O País das Maravilhas de Tim Burton

Apesar de ter gostado muito dos filmes, uma coisa me incomodou em “Sherlock Holmes” e em “Onde Vivem os Monstros”. Os dois dão sinais de não serem a primeira opção de seus diretores. Era como se eles tivessem um cadernão de ideias soltas anotadas e aí buscaram livros com personagens já prontos para incorporar tais pensamentos. Era o que eu achei que aconteceria com a versão de “Alice no País das Maravilhas”, de Tim Burton.

Mas isso não aconteceu – pelo menos não de forma tão categórica.

Ele pegou os dois livros de Lewis Carroll com a personagem – “Alice’s Adventures in Wonderland” e “Alice Through the Looking Glass” – e fez uma outra história.

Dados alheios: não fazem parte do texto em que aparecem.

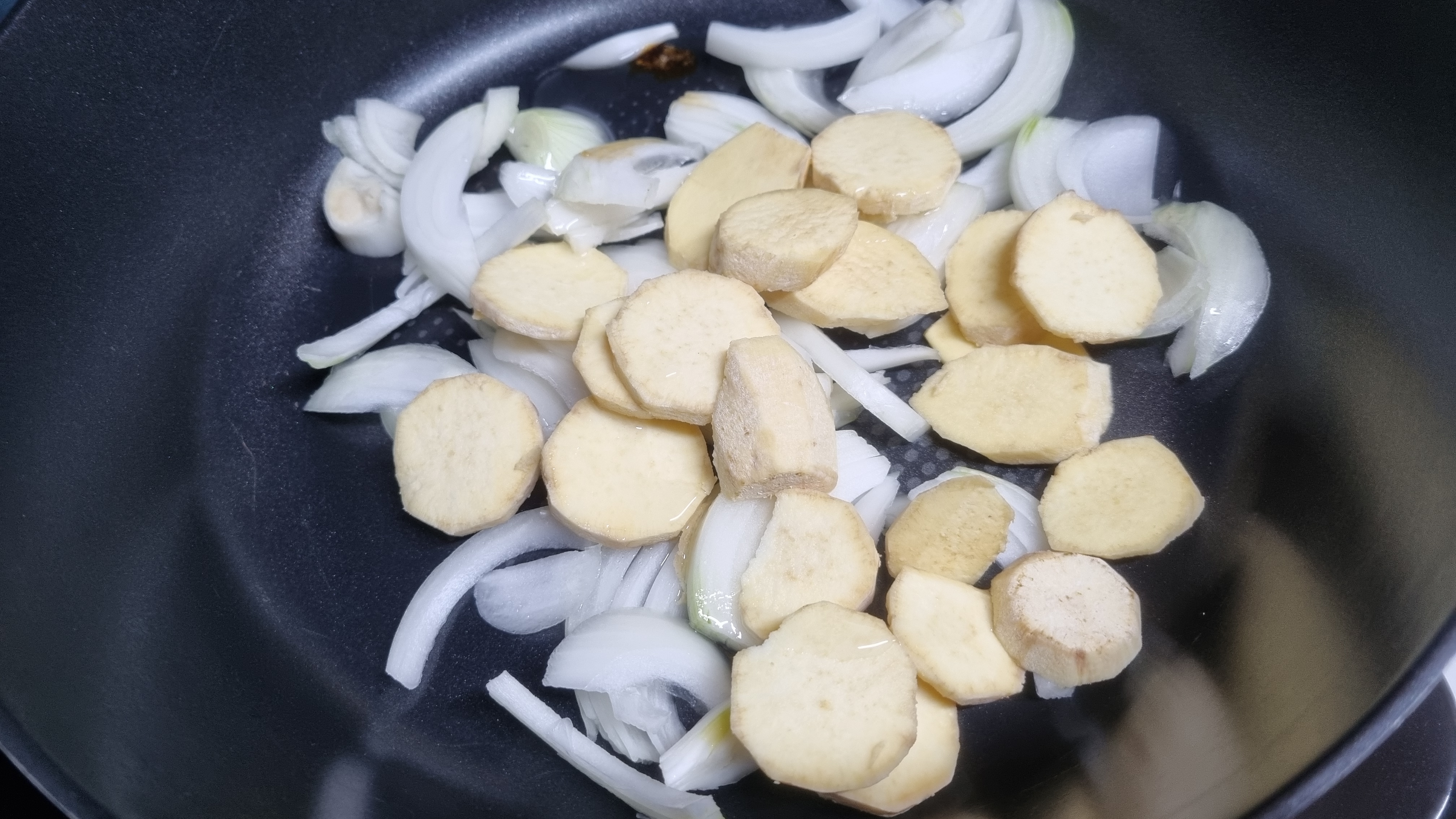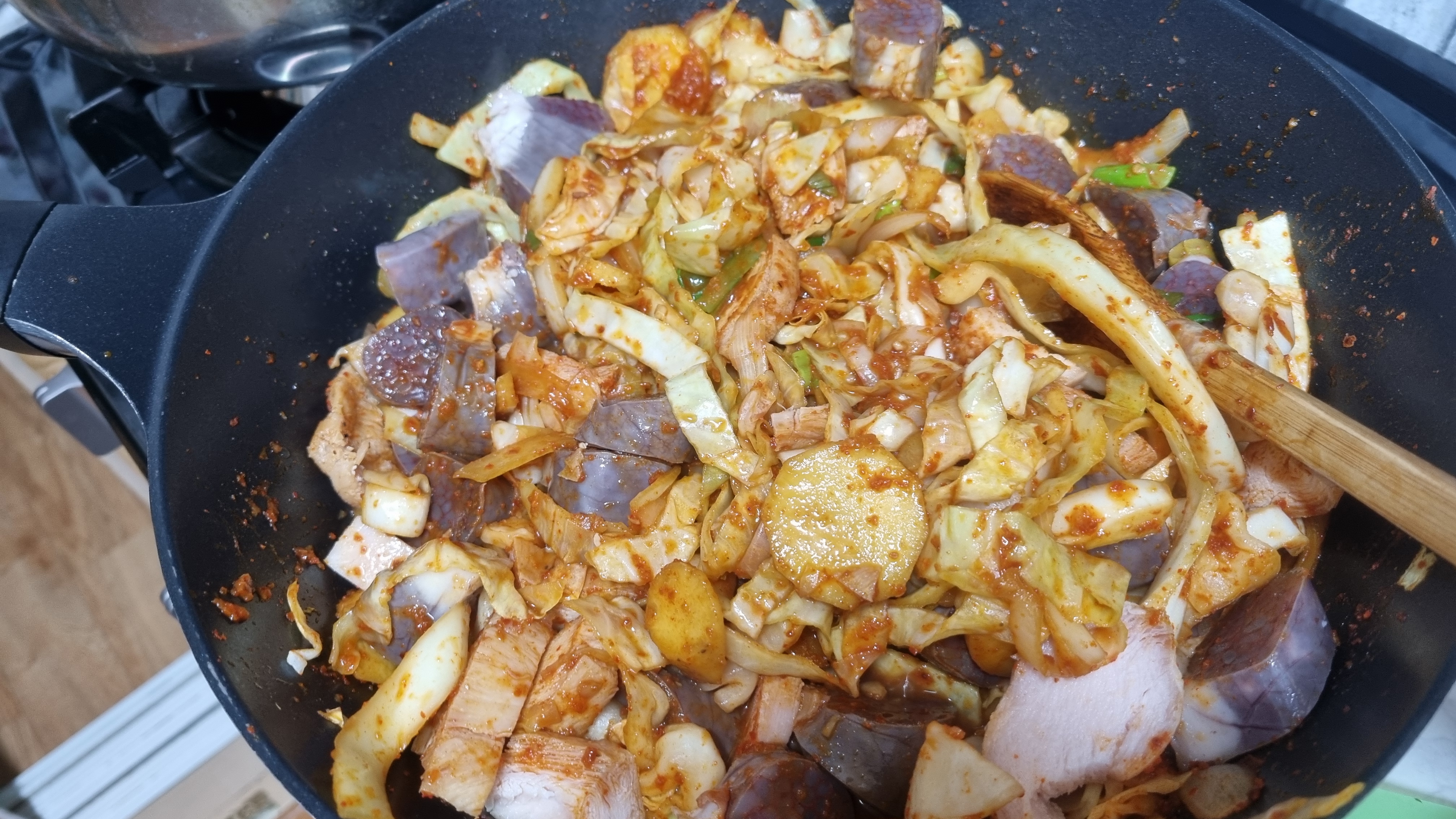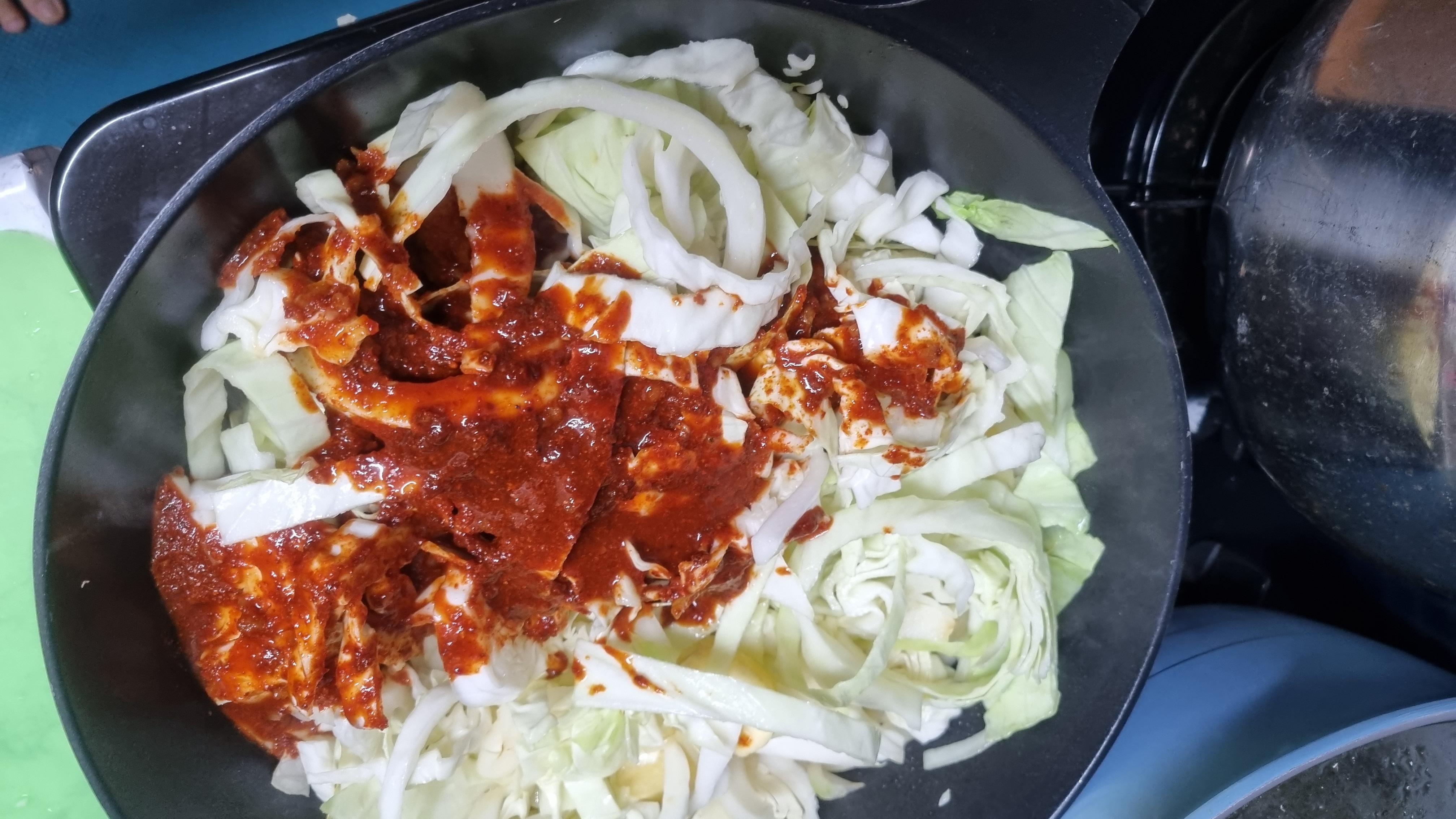 냄비에 기름을 바르고 먼저 양파와 고구마를 볶아줍니다. 고구마가 살짝 익혀진 상태에서 양패추와 양념장을 넣어 계속하여 볶아주면 됩니다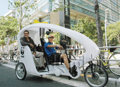 中新網(wǎng)9月14日電 最近東京街頭出現(xiàn)了一種速度快于步行,但又比自行車稍慢的德國(guó)產(chǎn)三輪出租車“Velotaxi”。據(jù)日本共同社報(bào)道,乘坐這種出租車可以通過從未體驗(yàn)過的行駛速度瀏覽東京街景,很受外國(guó)游客的歡迎。

Como era de se esperar, Johnny Depp é ninguém menos que o Chapeleiro Maluco. Qualquer fã de cinema sabe muito bem que esse segundo adjetivo é a cara de seus melhores papéis e, talvez por isso, já não seja novidade.

Com uma semi-desconhecida como Alice – a australiana Mia Wasikowska, que não parece somar nada à narrativa – achei que Depp seria o centro das atenções. Bastou Helena Bonham Carter aparecer como a Rainha Vermelha para eu mudar de ideia. Ela tem uma maneira muito peculiar de fazer o tipo mandona e rouba todas as cenas em que está presente.

De outro lado, aparece Anne Hathaway, como a Rainha Branca, uma hilária sátira à delicadeza excessiva das princesas em filmes, e vários outros personagens realmente muito bons – com destaque para o Gato, com voz do ótimo Stephen Fry.

Mas se Burton alcança a glória com o uso do 3D, com o ar sombrio à uma história anteriormente mágica, com figurinos e cenografia – a cena onde Alice encolhe e diminui várias vezes é um desafio de escalas e planos de distância –, ele peca nas cenas de ação, que são previsíveis e rápidas. Mas a gente se importa? Não muito.

A linha entre o real e o feito por computador é imperceptível em vários momentos e apenas Burton pode transformar “Alice” em um filme de aventura que não parece ser algo aproveitador – lembrando que estou analisando apenas o filme e não os milhares de produtos lançados sobre ele.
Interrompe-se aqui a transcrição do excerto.